▶ _Aim of the task_
Below are records with pictures in them. Output exactly the lines from the one with "шар – красный." through the one with "Contents : NGK", both included, and leave every picture out; give only those lines.
==== Source records ====
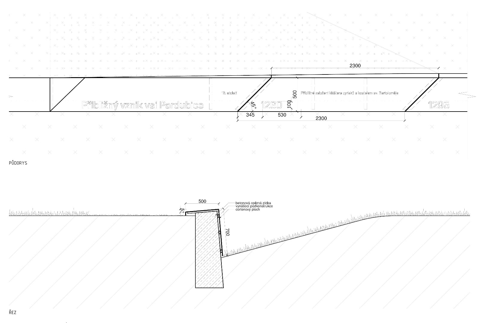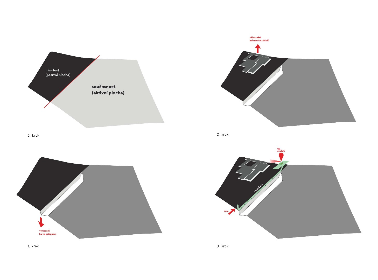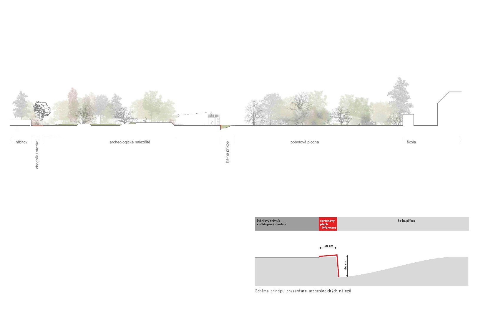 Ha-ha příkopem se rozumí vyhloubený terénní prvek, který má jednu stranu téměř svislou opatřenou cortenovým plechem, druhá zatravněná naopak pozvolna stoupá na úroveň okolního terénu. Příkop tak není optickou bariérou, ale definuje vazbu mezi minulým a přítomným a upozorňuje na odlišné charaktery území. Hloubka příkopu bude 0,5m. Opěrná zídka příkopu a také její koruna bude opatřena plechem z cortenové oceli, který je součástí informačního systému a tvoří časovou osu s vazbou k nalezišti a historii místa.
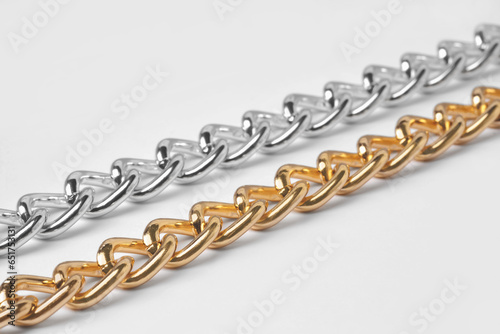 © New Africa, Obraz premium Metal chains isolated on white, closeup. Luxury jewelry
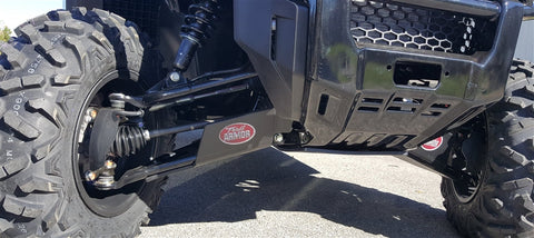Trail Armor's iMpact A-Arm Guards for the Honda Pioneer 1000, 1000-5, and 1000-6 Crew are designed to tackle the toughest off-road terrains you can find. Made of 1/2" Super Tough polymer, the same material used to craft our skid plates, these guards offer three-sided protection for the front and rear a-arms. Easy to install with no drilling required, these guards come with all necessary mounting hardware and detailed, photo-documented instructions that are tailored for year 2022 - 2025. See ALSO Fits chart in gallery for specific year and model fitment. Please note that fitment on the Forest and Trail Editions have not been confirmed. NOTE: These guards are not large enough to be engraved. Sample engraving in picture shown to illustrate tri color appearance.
====
==== Source records ====
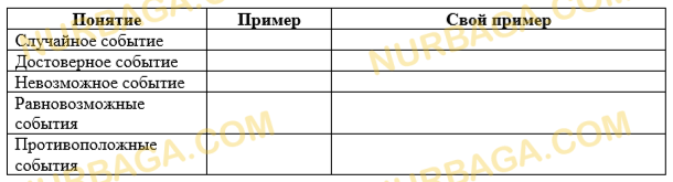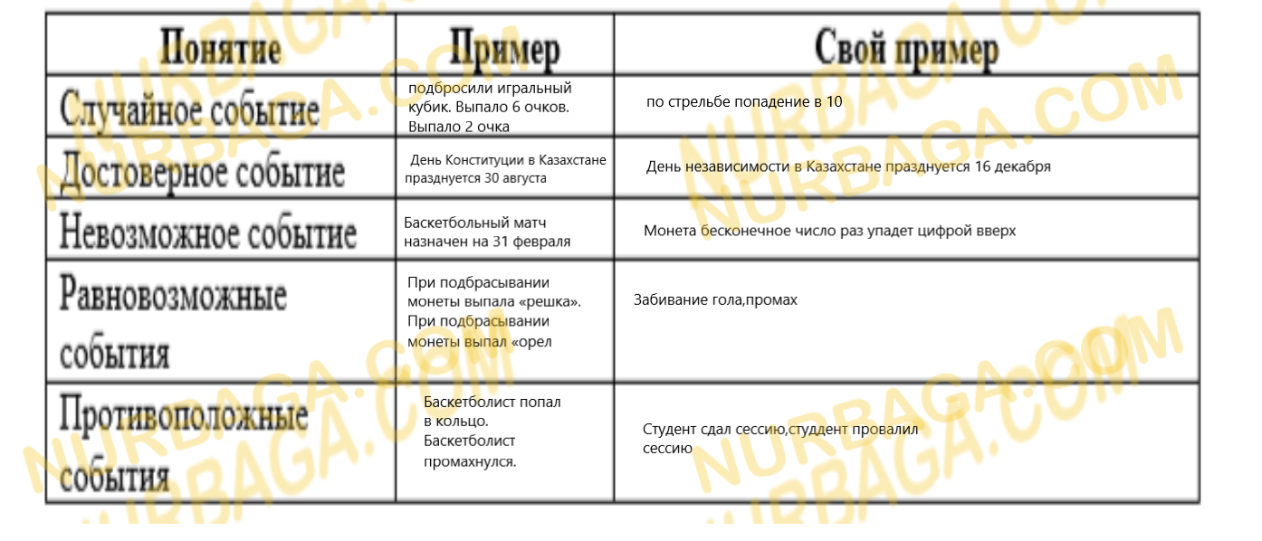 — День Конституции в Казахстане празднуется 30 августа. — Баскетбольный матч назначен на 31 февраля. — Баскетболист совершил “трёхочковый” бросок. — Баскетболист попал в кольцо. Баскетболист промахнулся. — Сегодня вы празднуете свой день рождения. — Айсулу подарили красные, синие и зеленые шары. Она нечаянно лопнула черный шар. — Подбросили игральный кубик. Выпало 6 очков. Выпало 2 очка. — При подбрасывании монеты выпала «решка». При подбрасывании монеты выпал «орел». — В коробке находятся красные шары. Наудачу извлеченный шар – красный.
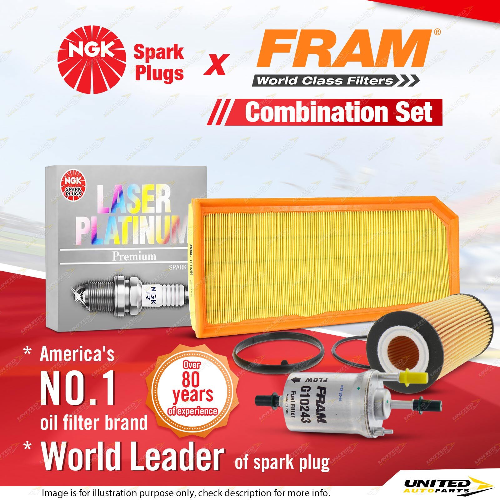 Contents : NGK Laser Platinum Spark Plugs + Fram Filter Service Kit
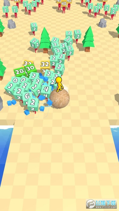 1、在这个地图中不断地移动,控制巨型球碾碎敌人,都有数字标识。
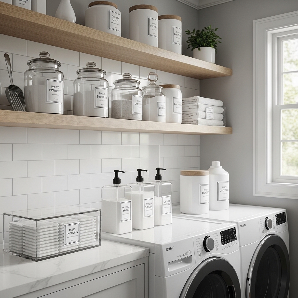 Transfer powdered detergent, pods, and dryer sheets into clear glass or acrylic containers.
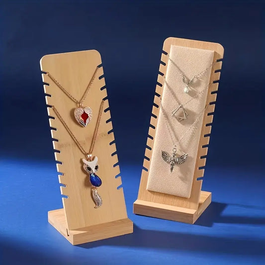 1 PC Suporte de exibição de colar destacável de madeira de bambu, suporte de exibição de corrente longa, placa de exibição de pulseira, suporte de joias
====
▶ _Reply to the exercise_
 — День Конституции в Казахстане празднуется 30 августа. — Баскетбольный матч назначен на 31 февраля. — Баскетболист совершил “трёхочковый” бросок. — Баскетболист попал в кольцо. Баскетболист промахнулся. — Сегодня вы празднуете свой день рождения. — Айсулу подарили красные, синие и зеленые шары. Она нечаянно лопнула черный шар. — Подбросили игральный кубик. Выпало 6 очков. Выпало 2 очка. — При подбрасывании монеты выпала «решка». При подбрасывании монеты выпал «орел». — В коробке находятся красные шары. Наудачу извлеченный шар – красный.
 Contents : NGK Laser Platinum Spark Plugs + Fram Filter Service Kit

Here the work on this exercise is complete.